[[ RECORDS FOR THIS EXERCISE, beginning ]]
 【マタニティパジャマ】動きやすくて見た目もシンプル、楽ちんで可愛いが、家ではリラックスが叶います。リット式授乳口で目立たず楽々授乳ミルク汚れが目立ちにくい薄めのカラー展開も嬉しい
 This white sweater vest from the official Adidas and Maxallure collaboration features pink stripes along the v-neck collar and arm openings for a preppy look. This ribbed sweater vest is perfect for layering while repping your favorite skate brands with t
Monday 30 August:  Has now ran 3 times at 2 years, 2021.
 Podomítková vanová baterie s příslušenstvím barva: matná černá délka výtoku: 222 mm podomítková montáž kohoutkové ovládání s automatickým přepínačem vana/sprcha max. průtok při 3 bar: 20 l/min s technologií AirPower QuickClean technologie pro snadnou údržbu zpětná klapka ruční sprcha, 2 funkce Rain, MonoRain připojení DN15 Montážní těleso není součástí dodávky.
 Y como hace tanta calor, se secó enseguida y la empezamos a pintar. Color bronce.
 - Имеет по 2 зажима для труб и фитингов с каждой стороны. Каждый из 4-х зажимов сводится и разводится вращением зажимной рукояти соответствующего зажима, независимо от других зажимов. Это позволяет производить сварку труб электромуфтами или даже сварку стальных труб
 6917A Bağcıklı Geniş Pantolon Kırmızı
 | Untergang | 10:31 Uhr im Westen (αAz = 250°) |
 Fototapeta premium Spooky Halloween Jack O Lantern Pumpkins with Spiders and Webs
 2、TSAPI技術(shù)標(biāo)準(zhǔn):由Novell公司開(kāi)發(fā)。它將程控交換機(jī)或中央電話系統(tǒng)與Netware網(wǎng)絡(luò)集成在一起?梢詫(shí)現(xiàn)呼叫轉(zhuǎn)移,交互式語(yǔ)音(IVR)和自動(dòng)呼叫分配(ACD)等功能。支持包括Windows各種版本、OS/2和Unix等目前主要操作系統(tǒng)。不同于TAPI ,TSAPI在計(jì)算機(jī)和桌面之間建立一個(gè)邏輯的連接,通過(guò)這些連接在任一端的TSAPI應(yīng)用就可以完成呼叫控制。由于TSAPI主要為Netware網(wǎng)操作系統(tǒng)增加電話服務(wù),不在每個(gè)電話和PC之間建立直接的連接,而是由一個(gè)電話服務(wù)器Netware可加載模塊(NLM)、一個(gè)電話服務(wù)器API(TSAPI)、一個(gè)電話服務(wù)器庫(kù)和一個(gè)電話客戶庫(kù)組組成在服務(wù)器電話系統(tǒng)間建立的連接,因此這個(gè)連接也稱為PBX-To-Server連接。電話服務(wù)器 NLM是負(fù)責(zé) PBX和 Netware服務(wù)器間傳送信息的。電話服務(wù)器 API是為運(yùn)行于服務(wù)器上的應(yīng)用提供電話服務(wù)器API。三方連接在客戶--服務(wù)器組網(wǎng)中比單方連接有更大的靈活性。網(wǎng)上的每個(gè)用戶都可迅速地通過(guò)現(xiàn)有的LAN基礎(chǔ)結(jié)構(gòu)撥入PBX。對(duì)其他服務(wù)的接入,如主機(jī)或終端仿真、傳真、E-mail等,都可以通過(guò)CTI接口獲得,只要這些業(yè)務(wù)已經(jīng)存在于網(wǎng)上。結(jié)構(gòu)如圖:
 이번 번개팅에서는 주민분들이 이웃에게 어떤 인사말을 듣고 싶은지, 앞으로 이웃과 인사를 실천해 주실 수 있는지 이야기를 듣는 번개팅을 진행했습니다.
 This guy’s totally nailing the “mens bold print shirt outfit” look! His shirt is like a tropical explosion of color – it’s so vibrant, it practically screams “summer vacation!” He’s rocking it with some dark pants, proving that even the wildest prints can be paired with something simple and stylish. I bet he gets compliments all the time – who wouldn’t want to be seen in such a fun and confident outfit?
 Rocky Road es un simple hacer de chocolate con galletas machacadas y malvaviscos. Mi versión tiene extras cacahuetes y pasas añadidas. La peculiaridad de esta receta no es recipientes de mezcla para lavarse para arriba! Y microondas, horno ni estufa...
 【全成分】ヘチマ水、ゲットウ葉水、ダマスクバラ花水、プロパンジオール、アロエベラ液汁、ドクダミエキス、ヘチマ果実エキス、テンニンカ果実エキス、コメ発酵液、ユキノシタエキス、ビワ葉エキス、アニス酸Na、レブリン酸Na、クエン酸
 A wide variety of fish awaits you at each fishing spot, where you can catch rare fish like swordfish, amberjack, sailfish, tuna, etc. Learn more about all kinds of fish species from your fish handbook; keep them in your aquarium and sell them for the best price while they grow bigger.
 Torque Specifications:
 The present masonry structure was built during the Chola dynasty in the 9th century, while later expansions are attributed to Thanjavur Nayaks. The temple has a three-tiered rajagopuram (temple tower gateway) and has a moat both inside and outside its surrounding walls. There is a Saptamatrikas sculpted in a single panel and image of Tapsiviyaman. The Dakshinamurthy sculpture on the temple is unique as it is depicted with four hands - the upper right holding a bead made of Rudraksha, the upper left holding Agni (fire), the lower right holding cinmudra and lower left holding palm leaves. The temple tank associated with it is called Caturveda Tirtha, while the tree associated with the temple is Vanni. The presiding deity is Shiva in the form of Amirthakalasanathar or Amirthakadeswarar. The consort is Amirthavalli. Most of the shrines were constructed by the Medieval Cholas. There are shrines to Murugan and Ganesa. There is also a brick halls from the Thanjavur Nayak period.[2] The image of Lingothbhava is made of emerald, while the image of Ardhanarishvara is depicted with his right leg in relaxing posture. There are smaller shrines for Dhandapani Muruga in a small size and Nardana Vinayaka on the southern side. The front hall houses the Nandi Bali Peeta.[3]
[[ RECORDS FOR THIS EXERCISE, end ]]
- **WHAT IS NEEDED**: Retype, exactly as written, everything from the first line of the data above through the line containing "Monday 30 August:  Has". Nothing else should appear.

- **YOUR RESPONSE**:
 【マタニティパジャマ】動きやすくて見た目もシンプル、楽ちんで可愛いが、家ではリラックスが叶います。リット式授乳口で目立たず楽々授乳ミルク汚れが目立ちにくい薄めのカラー展開も嬉しい
 This white sweater vest from the official Adidas and Maxallure collaboration features pink stripes along the v-neck collar and arm openings for a preppy look. This ribbed sweater vest is perfect for layering while repping your favorite skate brands with t
Monday 30 August:  Has now ran 3 times at 2 years, 2021.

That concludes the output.